We found miR-218 decreased after irradiation, while EGFR levels increased. We believe that both expression changes indicate induced DNA damage repair or resistance to radiotherapy. We subsequently targeted both expression changes in vitro. In line with previous literature (Hu et al. 2019) we found that miR-218 overexpression sensitized cells to irradiation. EGFR itself is also known to be a marker of radioresistance (Gee and Nicholson 2003). Interestingly, cell survival after radiotherapy was additionally reduced if miR-218 overexpression was combined with artificial EGFR knockdown. The combination of both treatments seems to most effectively reduce radioresistance, underlining the synergistic function of EGFR downregulation and miR-218 overexpression.

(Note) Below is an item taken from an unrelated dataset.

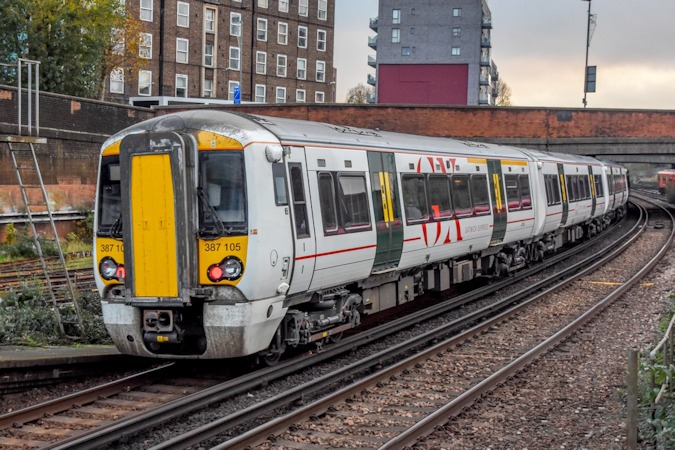 Gatwick Express向けClass 387/2のメンテナンスによる編成不足を解消するため、同じGTRグループのGreat NorthernからClass 387/1の387105編成がガトウィック運用に11月から投入されました。これは中期的な措置のようで簡易GXラッピングが側面に施されています。
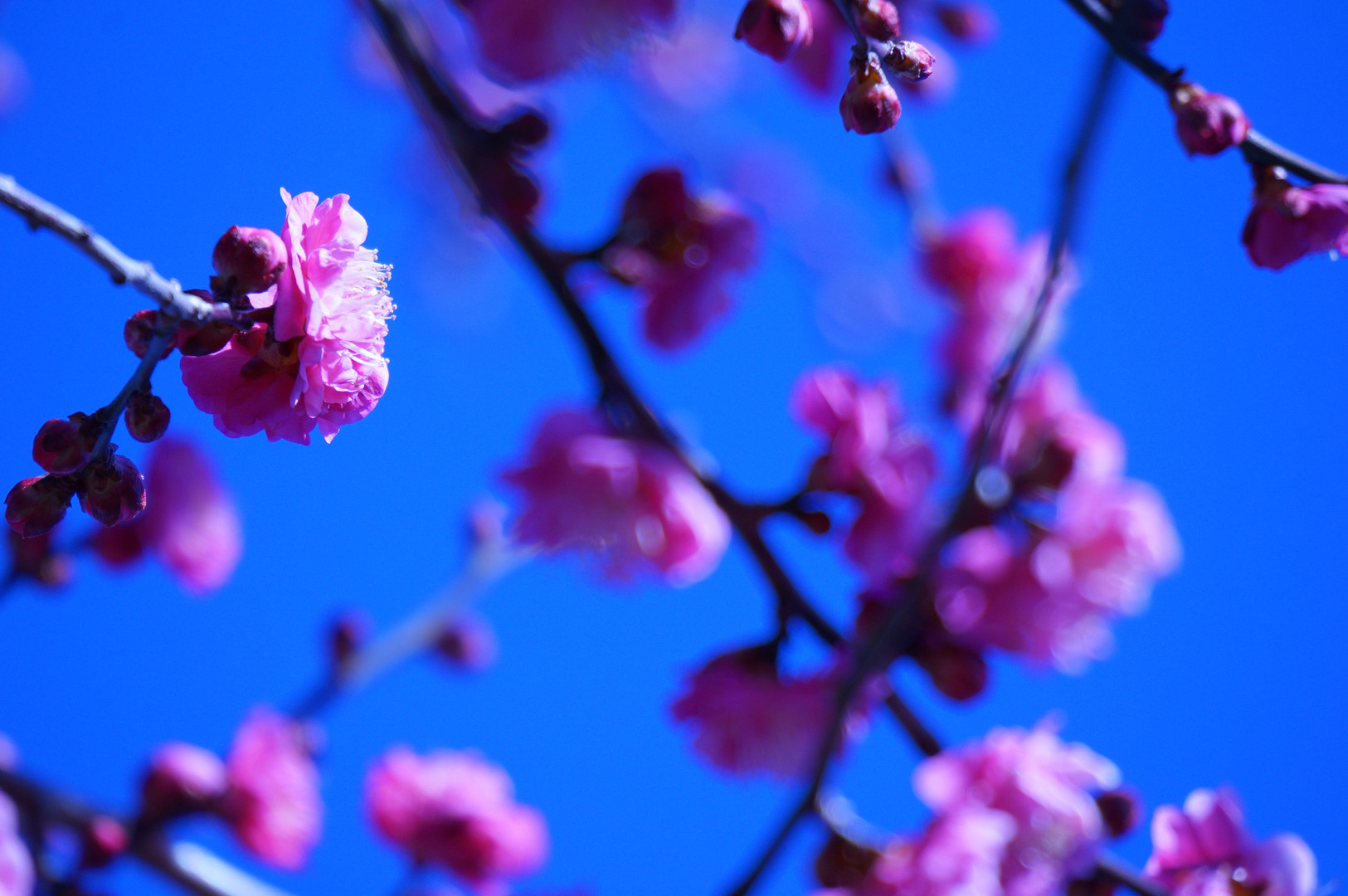 ズームレンズで花の写真に挑戦 鮮やかに設定したところかなり青が強くなってしまいました。

There are some limitations to this study. First, not all experiments were performed in two different breast cancer cell lines. However, key mechanistic experiments relied on data from two cell lines. Second, we did not specifically investigate EGFR-mutant cancers and are thus unable to draw conclusions regarding this group. Third, while some data relies on primary patient data, the larger part of this study is limited to in vitro experimentation in TNBC cell lines, necessitating future in vivo confirmation. Fourth, we used the miRVana kit for all micro RNA qPCR analyses while the mRNA analyses were consistently performed with a different isolation kit. Future studies should consider using a single kit for miRNA and mRNA isolation, thus streamlining the workflow. Finally, the choice of housekeeping gene remains controversial. Our choices, RNU6B for micro RNA (Gee et al. 2011), especially in combination with use of the miRVana kit (Schindler et al. 2018), and HPRT for mRNA (De Kok et al. 2005) remain well-supported in the literature. However, there is no consensus regarding the optimal housekeeping gene for qPCR analyses and discussions are ongoing (Gorji-Bahri et al. 2021; Veryaskina et al. 2022).

Conclusion

In the present study, we show that miR-218 and EGFR are inversely correlated in primary triple-negative breast cancer samples and cell lines. We subsequently demonstrate that miR-218 directly targets the Epidermal Growth Factor Receptor (EGFR) and results in increased mitotic catastrophes while cell dry mass and motility decrease. Finally, we demonstrate that miR-218 upregulation and EGFR knockdown both support radiosensitization, underlining the therapeutic relevance of the miR-218/EGFR pathway.